According to Smith, DQS enables companies to detect data quality issues that exist across multiple on-premise and cloud databases and applications. Once it helps the customer find the data quality issues, it helps them monitor the databases and applications so they don’t come back.
DQS works by leveraging the existing SQL scripts that most business analysts have already written. These SQL scripts are often run periodically, such as before a quarterly report is run, to ensure that the data is up to snuff and error-free.
“A lot of times these consultants or employees will have these go-to SQL queries they’re using, and they’re typically running them manually or running them at the end of the day to prepare a report to go out,” Smith says. “What we did is said, ‘Let’s connect to all of your system and allow you to use your SQL skills, but put it into an automated system that’s going to run every day for you and collect the information and also provide the visibility that the problem is corrected and it’s not re-occurring.”
Navegoo DSX has native access into Oracle, MySQL, and SQL Server databases, and an ODBC driver can get the company into most other databases, the company says. It also can automate data quality scripts running on cloud data sources via a REST API. Any issues that are detected are flagged and uploaded into a cloud-based reporting environment for long-term monitoring.
Mike Dominick, Naveego’s chief product officer and a former employee of Breitburn Energy, says Naveego DSX can start delivering better data in days. However, there’s no ready-made blueprint for fixing every type of data quality problem.

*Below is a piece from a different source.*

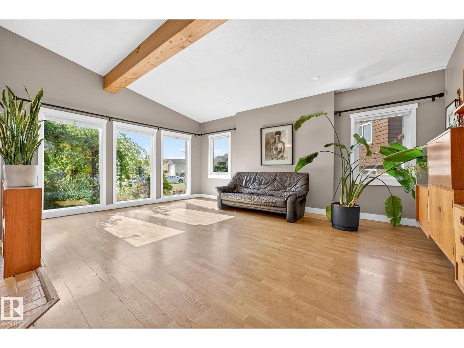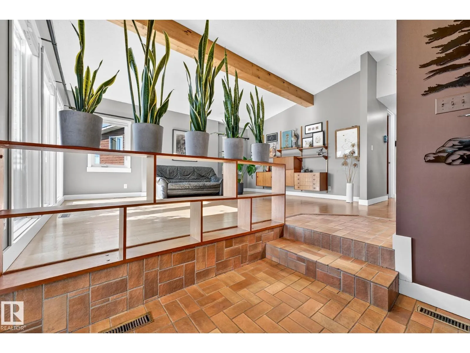This UNIQUE mid-century modern bungalow is more than just a home. Lovingly built & maintained by its original (sole) owner, every detail reflects craftsmanship, timeless style, & enduring quality. The open-concept floor plan is enhanced by cedar plank ceilings, exposed beams, & 8’ doors that create a sense of space & light. Custom cabinetry, built-in shelving, & architectural room dividers add both

“Sometimes it’s going back into the cloud-based vendor management system and finish the provisioning process because they forget to add some critical information,” Dominick says. “Or it’s going into the accounting system to look at data that was maybe entered incorrectly. Or maybe it’s calling guys in the field because maybe their data is out of tolerance, or they’re missing data that wasn’t submitted from field workers.”
We’re currently in the midst of a movement away from monolithic business applications towards a more best-of-breed approach. However, existing data quality tools largely lack the ability to detect problems that occur across multiple systems that are linked together to execute business processes. This is the differentiator that Naveego hopes to exploit.

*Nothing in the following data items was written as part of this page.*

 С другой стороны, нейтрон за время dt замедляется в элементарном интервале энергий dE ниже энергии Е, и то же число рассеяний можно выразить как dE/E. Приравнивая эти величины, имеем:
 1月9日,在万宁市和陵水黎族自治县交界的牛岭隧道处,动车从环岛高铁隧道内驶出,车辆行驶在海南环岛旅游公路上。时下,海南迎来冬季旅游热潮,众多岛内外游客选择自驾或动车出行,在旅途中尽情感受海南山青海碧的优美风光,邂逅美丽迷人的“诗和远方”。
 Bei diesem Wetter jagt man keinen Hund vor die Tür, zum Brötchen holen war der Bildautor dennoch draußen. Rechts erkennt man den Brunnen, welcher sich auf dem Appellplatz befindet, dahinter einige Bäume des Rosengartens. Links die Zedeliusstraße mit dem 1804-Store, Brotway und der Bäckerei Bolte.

“Your traditional ERP or database platform can’t really go out to the cloud and say ‘Did the five things required in the cloud system that I need or that the system downstream needs to complete this process, is it all there?'” Dominick says. “We actually have the ability in our platform to look across all five systems as one cohesive component, and say, is everything in the right place at the right time, and if not, which department is responsible for that, and build that visibility so we can find the breakdown in those processes that are becoming more and more disruptive to the organization as you have these different silos that participate in a much bigger process.”

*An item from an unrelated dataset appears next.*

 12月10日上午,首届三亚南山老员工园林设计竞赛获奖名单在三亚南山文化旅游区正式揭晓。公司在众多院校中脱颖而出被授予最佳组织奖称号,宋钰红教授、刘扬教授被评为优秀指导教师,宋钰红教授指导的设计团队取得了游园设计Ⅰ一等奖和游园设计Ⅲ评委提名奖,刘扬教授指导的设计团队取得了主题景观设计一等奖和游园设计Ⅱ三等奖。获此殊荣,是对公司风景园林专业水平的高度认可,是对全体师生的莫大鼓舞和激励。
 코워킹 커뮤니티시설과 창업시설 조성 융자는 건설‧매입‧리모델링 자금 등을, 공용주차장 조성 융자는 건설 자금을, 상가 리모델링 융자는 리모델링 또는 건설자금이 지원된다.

This approach won’t solve all data quality issues. But for data sitting in ERP systems and relational databases, which is a very valuable asset for many companies, it could get them closer to eliminating troublesome errors. And when this largely relational data makes its way into the data warehouse or the cloud, the need for other data quality checks will be reduced.
In fact, Smith says this approach will pay dividends that exceed what more complex data quality tools can provide.
“It’s really about providing a simple way to monitor and provide value at the foundation level,” the CEO says, “but then also provide visibility up to the C level so they can get an idea how efficiently everything is working and start to build trust in the data that’s ultimately feeding their analytics dashboards.”
A new release of the software issued last week adds support for NoSQL databases, such as MongoDB and Apache Cassandra. The company has also added ElasticSearch for providing analytics around large data sets. It has also incorporated Apache Kafka to help ingest data.